Ecosyste.ms: Awesome

An open API service indexing awesome lists of open source software.

https://github.com/sirfz/tesserocr

A Python wrapper for the tesseract-ocr API
https://github.com/sirfz/tesserocr

cython ocr optical-character-recognition python-library tesseract

Last synced: about 2 months ago
JSON representation

A Python wrapper for the tesseract-ocr API

Lists

README

        

=========
tesserocr
=========

A simple, |Pillow|_-friendly,
wrapper around the ``tesseract-ocr`` API for Optical Character Recognition
(OCR).

.. image:: https://github.com/sirfz/tesserocr/actions/workflows/build.yml/badge.svg
:target: https://github.com/sirfz/tesserocr/actions/workflows/build.yml
:alt: Github Actions build status

.. image:: https://img.shields.io/pypi/v/tesserocr.svg?maxAge=2592000
:target: https://pypi.python.org/pypi/tesserocr
:alt: Latest version on PyPi

.. image:: https://img.shields.io/pypi/pyversions/tesserocr.svg?maxAge=2592000
:alt: Supported python versions

**tesserocr** integrates directly with Tesseract's C++ API using Cython
which allows for a simple Pythonic and easy-to-read source code. It
enables real concurrent execution when used with Python's ``threading``
module by releasing the GIL while processing an image in tesseract.

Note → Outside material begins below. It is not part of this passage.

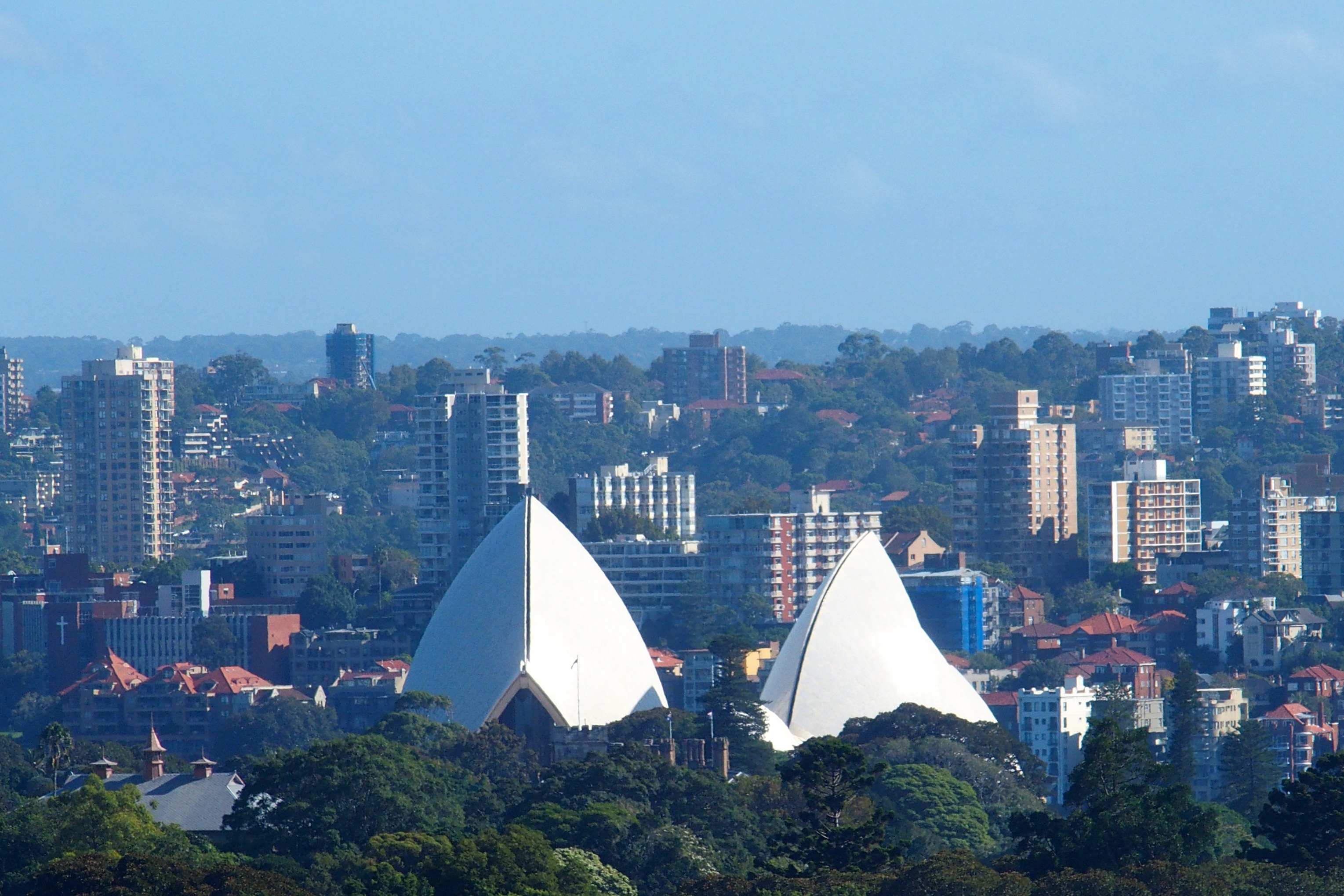 This view looks west from the Botanic Gardens toward the Opera House with a small glimpse of the Sydney Harbour Bridge in the background.

**tesserocr** is designed to be |Pillow|_-friendly but can also be used
with image files instead.

.. |Pillow| replace:: ``Pillow``
.. _Pillow: http://python-pillow.github.io/

Requirements
============

Requires libtesseract (>=3.04) and libleptonica (>=1.71).

On Debian/Ubuntu:

::

$ apt-get install tesseract-ocr libtesseract-dev libleptonica-dev pkg-config

You may need to `manually compile tesseract`_ for a more recent version. Note that you may need
to update your ``LD_LIBRARY_PATH`` environment variable to point to the right library versions in
case you have multiple tesseract/leptonica installations.

|Cython|_ (>=0.23) is required for building and optionally |Pillow|_ to support ``PIL.Image`` objects.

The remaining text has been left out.